1. In a large, heavy bottomed silk, add filling ingredients and bring to a boil. Simmmer for fifteen minutes until raspberries come apart and the liquid has turned a dark purple.

2. Mix together biscuit ingredients, working the margarine into the flour before adding the almond milk.

3. Add half the filling to an individual grautin dish or individual soup crock. Then spoon biscuit dough on top of the filling. Bake in 400º oven for twenty minutes.
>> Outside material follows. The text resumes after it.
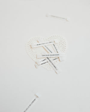 At Cecilie Bahnsen, our approach to responsibility is a personal one, shaped by genuine beliefs and dreams. Although the path to responsibility is imperfect, every action, big or small, makes a difference. While we acknowledge that the products we put out have an impact on the environment, we strive to reduce their effect. As our universe evolves, we want our knowledge and transparency to evolve with it, building a traceable value chain, knowing all the people and places we have touched. We are dedicated to working with craftspeople in Europe to preserve the beauty of century old traditions and techniques, bringing the intricate details of couture into the every-day. Creating clothes to cherish, to keep, to share, to lend, to pass on.

Turkey with Dried Apricots, Blue Cheese, and Almonds

A couple nights ago I made turkey with dried apricots, blue cheese and almonds. I served this with asparagus, yellow rice with saffron, and mustard. I defrosted my turkey for too long in the microwave so it ended up coming out a little dry. I would really like to try this recipe again some other time with chicken.

The rice I made was amazing. It’s sort of like Rice-A-Roni but much better. It comes pre-packaged with spices already in it and contains a lot less sodium than Rice-A-Roni. Seriously, this stuff is addictive. The asparagus turned out really nice as well.

Ingredients

  • 2 boneless skinless turkey breast cutlets
  • reduced-fat blue cheese crumbles (however much you want)
  • 6 dried apricots
  • a handful of sliced almonds
  • five asparagus spears
  • one package of Yellow Rice w/ Saffron

Procedure

Pre-heat the oven to 375º F. Spray a baking dish with non-stick cooking spray. Defrost turkey if necessary. Place turkey cutlets in baking dish. Cover with cheese, apricots, and almonds. Trim asparagus and place next to turkey cutlets. Cook for about fifteen minutes until turkey is cooked through and cheese is melted. Follow directions on Yellow Rice packet. Serve with dijon mustard.